According to Robert Gardner, Nationwide’s chief economist, raising a deposit remains the main barrier for most prospective first-time buyers. He claims that the 20 per cent deposit is essentially 113 per cent of a buyer’s gross national income, which is a record high. As per letting agents in Dunstable, here are five ways that first-time buyers can save money for their deposit. 

 

1 Set up a savings account

As hard as it sounds, it actually isn’t very hard to set aside a certain amount of money every month. It doesn’t even have to be much; you could set aside 10 per cent of your monthly income to save for your deposit. Make sure you keep this money safe in a savings account as you will be able to earn interest on the principal amount every month. Say, you want to buy a house in two years and based on your expected budget, you will need to pay £10,000 as the deposit. In that case, you need to save around £400 every month. However, if you feel that is a little too much, you can always push your purchase by a year, in which case you need to save around £270 every month for three years. By the time the money and interest accumulate, you will have a lot more than you aimed to save!

 

2 Be mindful of your daily spending

You know that morning coffee you always pick up before heading out to work?

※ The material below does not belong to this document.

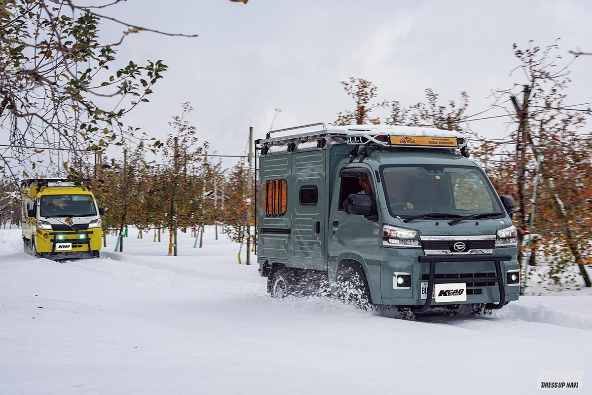 またパネルバンはスプリング交換で1.5インチの車高アップを実現するリフトアップキットを装着済み。通常の軽トラよりも悪路や雪道の走破性能が高められている点も心強い。

It’s time to start skipping that; instead, make some coffee at home and take it with you to work. Instead of going out for lunch every day during your office break, why not pack a delicious home-cooked meal? Instead of buying a new pair of shoes every time you have some extra money, why not transfer the money into your savings account to earn some interest? If you are mindful of your daily expenses, you will end up saving money in no time.

 

3 Assess your current living situation 

Are you currently living on rent? Is it possible for you to shift into a place that might be slightly cheaper? Have you considered living in a co-sharing space? If you are not ready to move, let’s talk about commuting. How far is your home from your place of work? How much money do you end up spending every month on public transport while commuting to work? If you end up living in a cheaper place, or a place that is closer to your work, you can end up saving hundreds and maybe thousands of pounds a month; think of this change as a short term hindrance for a long-term goal!

 

4 Figure out how much you need to save and work backwards

Before you set off trying to save money, you need to figure out how much you need to save. This means you first need to figure out exactly how much you are willing to spend on your first home. It is always a good idea to sit with a financial expert to figure out a budget for your upcoming purchase, a budget that you can afford comfortably. Once you have a budget in mind, all you need to do is save a certain percentage of that as the deposit. Based on when you want to buy your house and how much you plan to put down as the deposit, you can plan your monthly savings. 

 

5 Get help from the government 

The UK government offers various loans such as the Help to Buy equity loan and the shared ownership scheme which allow first-time buyers to get a mortgage without paying a hefty deposit. Also, first-time buyers can take advantage of the mortgage guarantee scheme that has been launched by the UK government. According to the mortgage guarantee scheme, potential buyers can take out a mortgage from some of the top banks in the country by paying just 5 per cent as the deposit, which essentially means a 95 per cent LTV ratio. By using this scheme, first-time buyers can easily climb the property ladder without spending years trying to save for a deposit.

 

While you are trying to save for your deposit, make sure to work on your credit score alongside. Most banks and lenders will check your credit score in order to determine whether or not you can afford to pay back the mortgage. If your credit score is good, your chances of securing a mortgage, even with a low deposit, are much higher.